Powell and other Fed policymakers have been under intense pressure from the Trump administration to lower rates.

The pressure campaign has included allegations that Powell mismanaged renovations of the central bank’s Washington, D.C., campus, and that Federal Reserve Governor Lisa Cook engaged in mortgage fraud.

Powell and Cook deny wrongdoing and have said they won’t bow to the Trump administration’s calls for their resignations, which critics say threaten to undermine the Federal Reserve’s independence.

The Aug. 1 surprise jobs report prompted President Trump to fire Bureau of Labor Statistics Commissioner Erika McEntarfer, accusing the economist of having manipulated the payroll numbers “for political purposes.” Both conservative and liberal economists have raised questions about the qualifications of Trump’s pick to succeed McEntarfer, E.J. Antoni, Axios reports.

Powell’s term as Federal Reserve chair ends in May, and if his successor is viewed as more willing to bend to the president’s will, that could undermine investor confidence in U.S. debt, economists told The New York Times.

“Economists warn that if investors lose confidence in the independence of the Fed, or in the reliability of U.S. inflation data, they will begin to see the United States as a riskier place to invest,” the Times reported Friday. “In the short term, that could result in higher borrowing costs for the government, leaving less money for priorities like infrastructure and education. In the long run, it could increase the risk that the government will be unable to borrow affordably to respond to a crisis.”

The Fed can’t dictate mortgage rates

Although the Federal Reserve has direct control over short-term interest rates, investor demand for bonds and mortgage-backed securities determines interest rates paid by homebuyers and the government when it borrows money.
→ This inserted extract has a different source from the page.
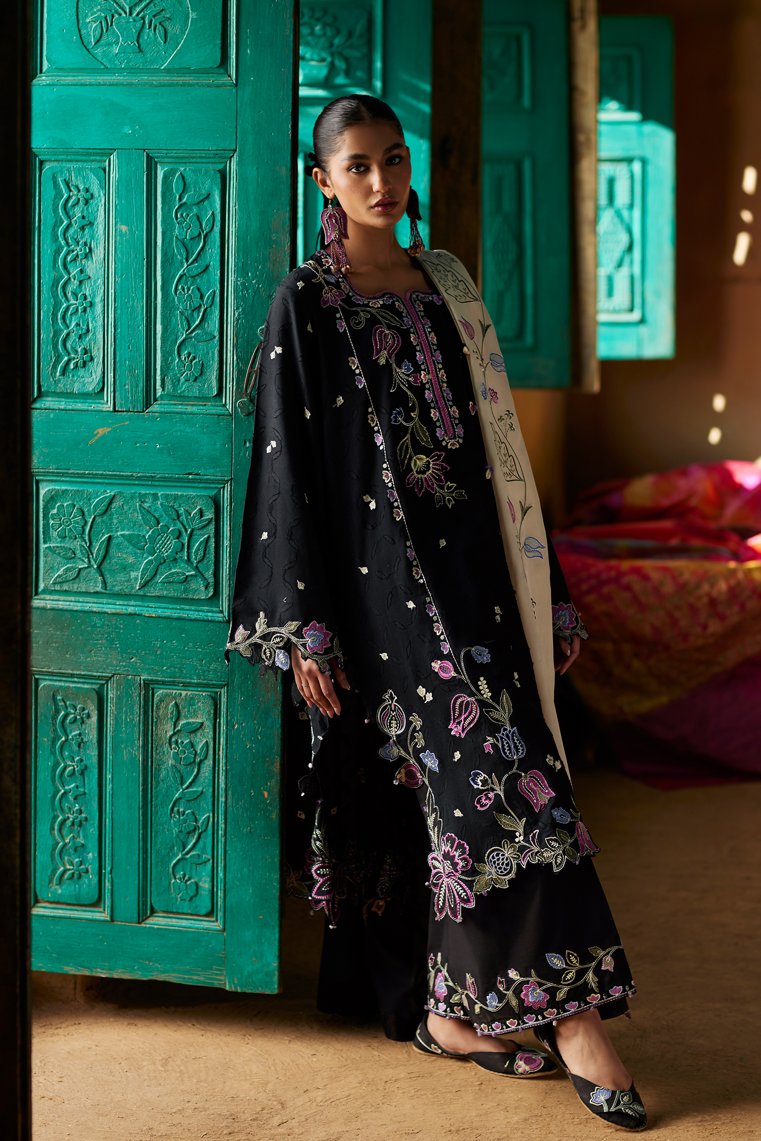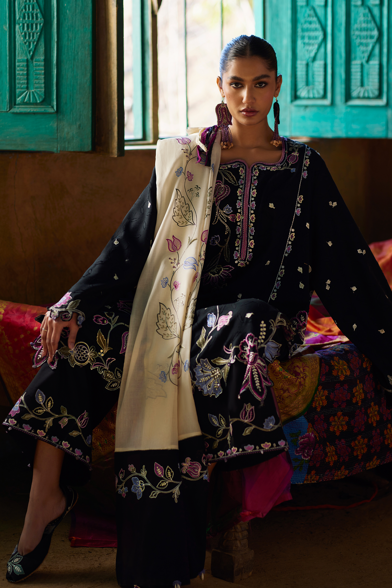 Paired with a contrasting ivory voile dupatta, delicately embroidered with floral sprigs, the look gains lightness and dimension. The soft drape of the dupatta offsets the richness of the black base, creating a balance that feels poised and effortlessly elegant.

When the Fed cut the short-term federal funds rate by a percentage point at the end of last year, mortgage rates went up by an equal amount when inflation moved away from the central bank’s 2 percent target.

But if the economy is running out of steam, mortgage rates are likely to come down in tandem with Fed rate cuts.

Economists at Pantheon Macroeconomics think unemployment will rise faster than policymakers are currently expecting, leading the Fed to cut short-term rates by three-quarters of a percentage point at its final three meetings of the year.

Unemployment holding steady

According to the Bureau of Labor Statistics, 7.24 million Americans were out of work in July, bringing the unemployment rate to 4.2 percent. Unemployment has been holding steady at around 4.2 percent for the past year.

But a rise in continued unemployment claims since April “suggests that the recent stability in the unemployment rate is something of an illusion,” Pantheon Senior U.S. Economist Oliver Allen said in a note to clients Friday.

Oliver Allen

“We agree with [Powell] that growth in the labor supply is likely to slow due to the Trump administration’s tougher migration policies, but think the jury is still out on the extent to which this has already lowered the ‘break-even’ rate of payroll growth required to prevent the unemployment rate from rising,” Allen said.

With other indicators of “labor market slack” — such as the share of people who are not in the labor force but want a job — rising over the past few months, Pantheon forecasts that the unemployment rate will rise to 4.75 percent by the end of the year.